# Boys Village, St Athan



## shj35 (Nov 23, 2011)

Hola Chaps, 

I went for an explore at Boys Village today, been there a few times and seen various people there including some coppers who was very happy to stand around chatting and telling us about other places in the area.. 
However today was a first.. the owner was there... measuring tape in hand.. bunch of papers and another bloke with him..
He come up to us and asked if we had got permission, and we told him we never as we did not know who the owner was or how to contact him. He said fair enough, make the most of it while you can. 
I then asked who the owner was, and was suprised when he said he was.. He then went on to say he had no problem with us togs there as long as we was carefull... But said that he was planning in a few weeks to be having the site secured! 
Not sure if thats in his best interests seeing as how much it would cost him like, but thought i would share with you lot  Photos to follow!


----------



## UEP-Wales (Nov 24, 2011)

I will be gutted if this place goes... Nuff said


----------



## UEP-Wales (Nov 24, 2011)

Popped back up here today to have a look around for the 100th time and have to say that I really don't see much point in securing the place!

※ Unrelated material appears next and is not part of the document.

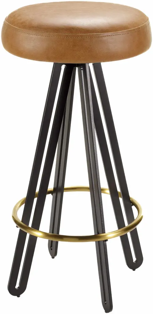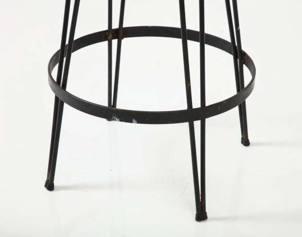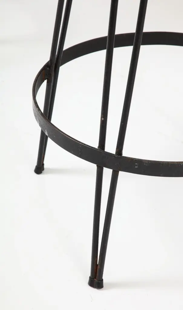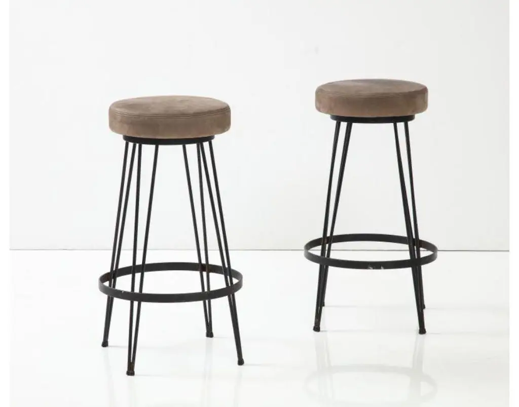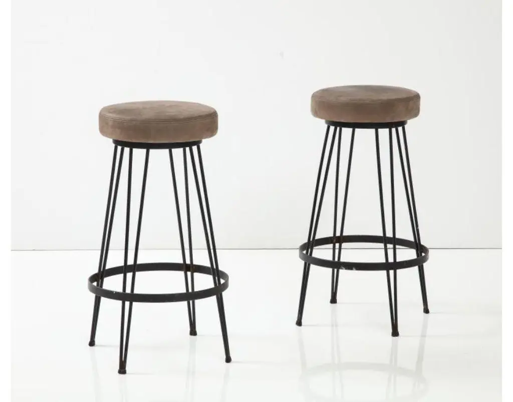 French Industrial Wrought Iron Counter Stools with Nubuck Upholstery, c. 1960Graphic wrought iron stools; at once industrial and refined.

Photograph below shows the exterior wall of the 1970's block urm well knocked down! The inside breeze blocks remain but I doubt it they will be there for long.


----------



## shj35 (Nov 25, 2011)

We said the same thing mate... would cost him a fortune to put a fence up.. and then the kids would just make holes in it.. no point at all.. The only thing i can think is that the council have told him to do it!


----------



## Pincheck (Nov 25, 2011)

Urbex-SW said:


> Popped back up here today to have a look around for the 100th time and have to say that I really don't see much point in securing the place!
> 
> Photograph below shows the exterior wall of the 1970's block urm well knocked down! The inside breeze blocks remain but I doubt it they will be there for long.



probably be a case of protecting himself against any litigation or heath and safety issues !


----------



## UEP-Wales (Nov 25, 2011)

Thats a good point but I would have thought he would have done it alot earlier after spending £625,000.00.

It will be a shame when the village has gone but I do think the owner could build some nice size properties that nobody can afford on there.

I would have loved to see it turned back into something though using alot of the buildings still standing.


----------